O que está em jogo no caso favela Nova Brasília?

Está em jogo a redução da letalidade policial, o enfrentamento do racismo como eixo central para a luta contra a violência de Estado, a denúncia sobre violência sexual de Estado como forma de tortura, o reconhecimento da ampla responsabilidade institucional pelas violações produzidas pela Estado, incluindo o Poder Judiciário e Ministério Público, entre outros temas. 

A sentença do Caso Favela Nova Brasília é  um instrumento de luta coletiva, que se soma ao repertório político construído pelos movimentos de familiares de vítimas de violência de Estado, diversos movimentos sociais e organizações da sociedade civil.  

Qual o momento atual do Caso?

18 de outubro de 2023 é o marco de 29 anos da primeira chacina do Caso Favela Nova Brasília. 

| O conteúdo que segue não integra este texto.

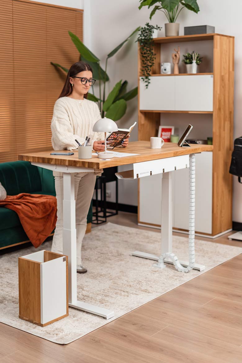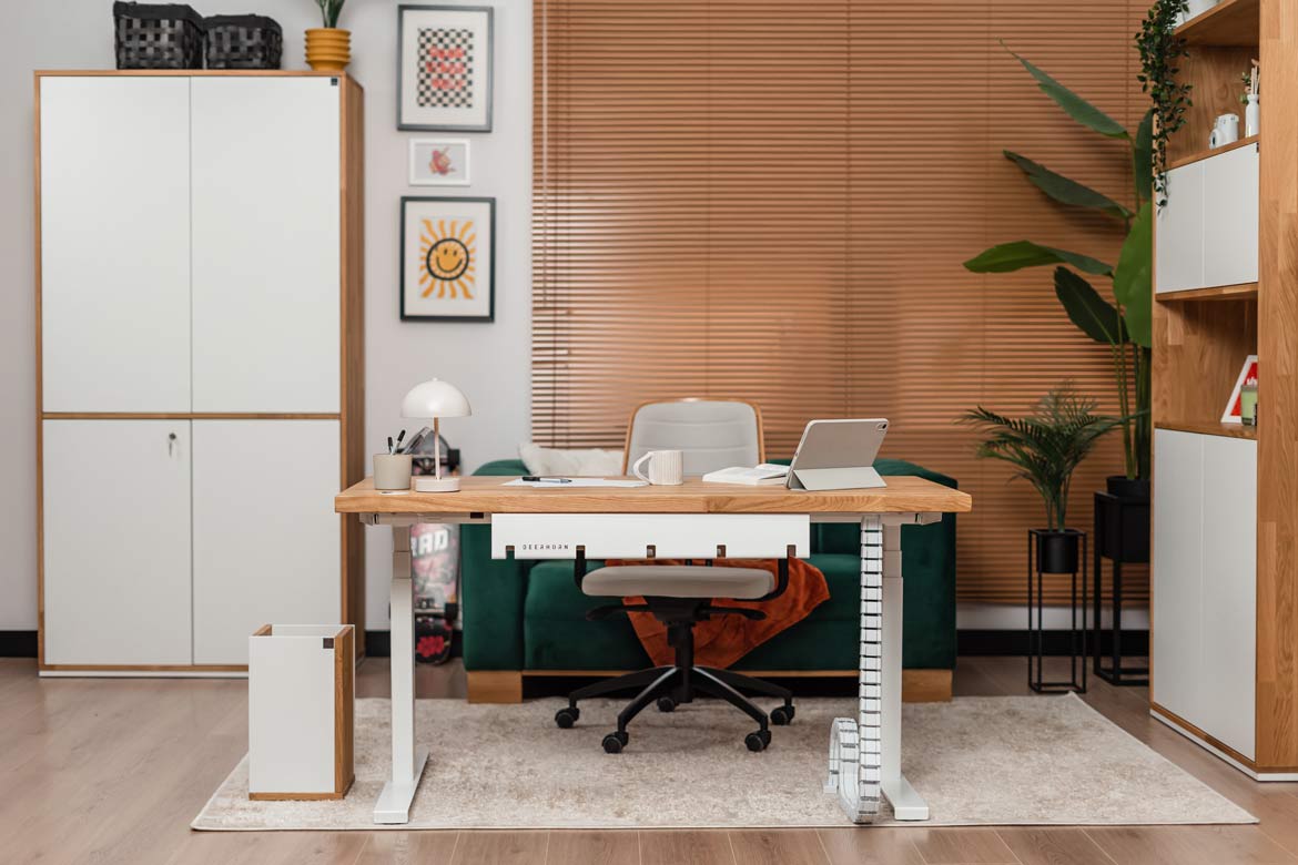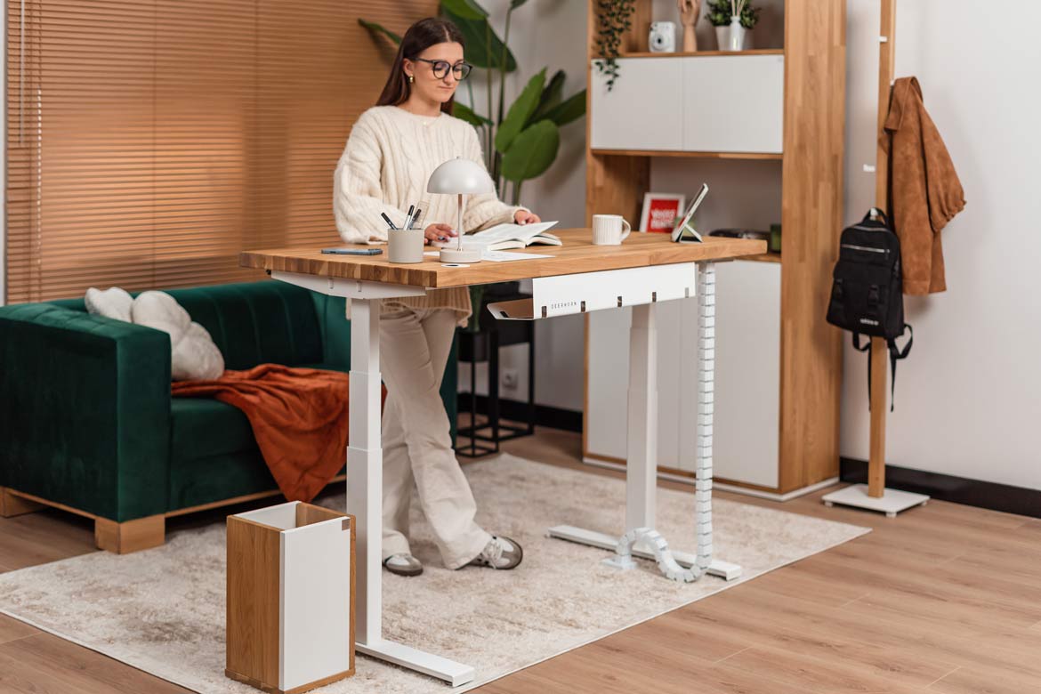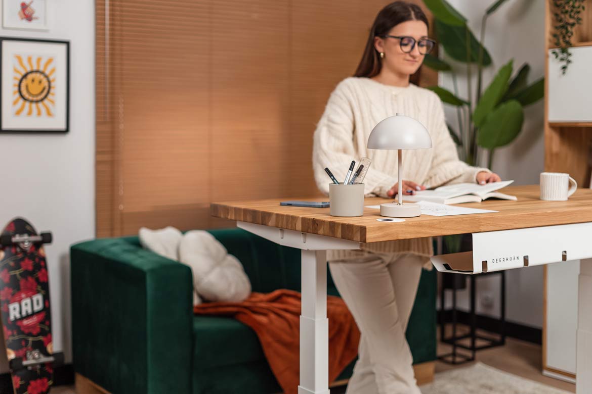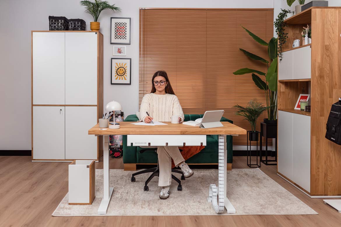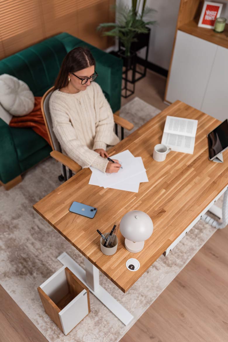 Biurko z regulacją wysokości to jeden z najlepszych zakupów do mojego domowego biura. W połączeniu z naturalnym drewnem prezentuje się naprawdę świetnie.

Atualmente o caso se encontra sob supervisão de cumprimento de sentença. As organizações representantes e o Estado enviam periodicamente informações para a Corte IDH sobre o Estado de (des)cumprimento da sentença internacional, por parte do Estado brasileiro. No curso do monitoramento da implementação da sentença, a Corte IDH pode convocar audiências públicas, sejam elas públicas ou privadas. Em 2021, ocorreu uma audiência pública sobre as medidas de não repetição, na qual foi endereçado o sistemático descumprimento do Estado em relação às determinações da Corte IDH: https://www.youtube.com/watch?v=QBhpuJlRroE&t=176s 

O marco dos 29 anos do primeiro caso é uma oportunidade importante para: (i) denunciar o descumprimento da sentença internacional por parte do Estado brasileiro; (ii) criar uma mobilização no âmbito nacional sobre a manutenção e aprofundamento dos processos de violência denunciados no caso; (iii) pressionar o Estado brasileiro à se responsabilizar e avançar no cumprimento dos pontos resolutivos da sentença, nos termos demandados pela sociedade civil e pelos movimentos sociais; (iv) abordar a perspectiva dos movimentos sociais e da sociedade civil sobre os caminhos para o cumprimento da sentença internacional (ex. de que forma entendemos que a perícia independente deve ser implementada no Brasil? ex2. como deve ser o programa de atendimento à vítimas de violência sexual?)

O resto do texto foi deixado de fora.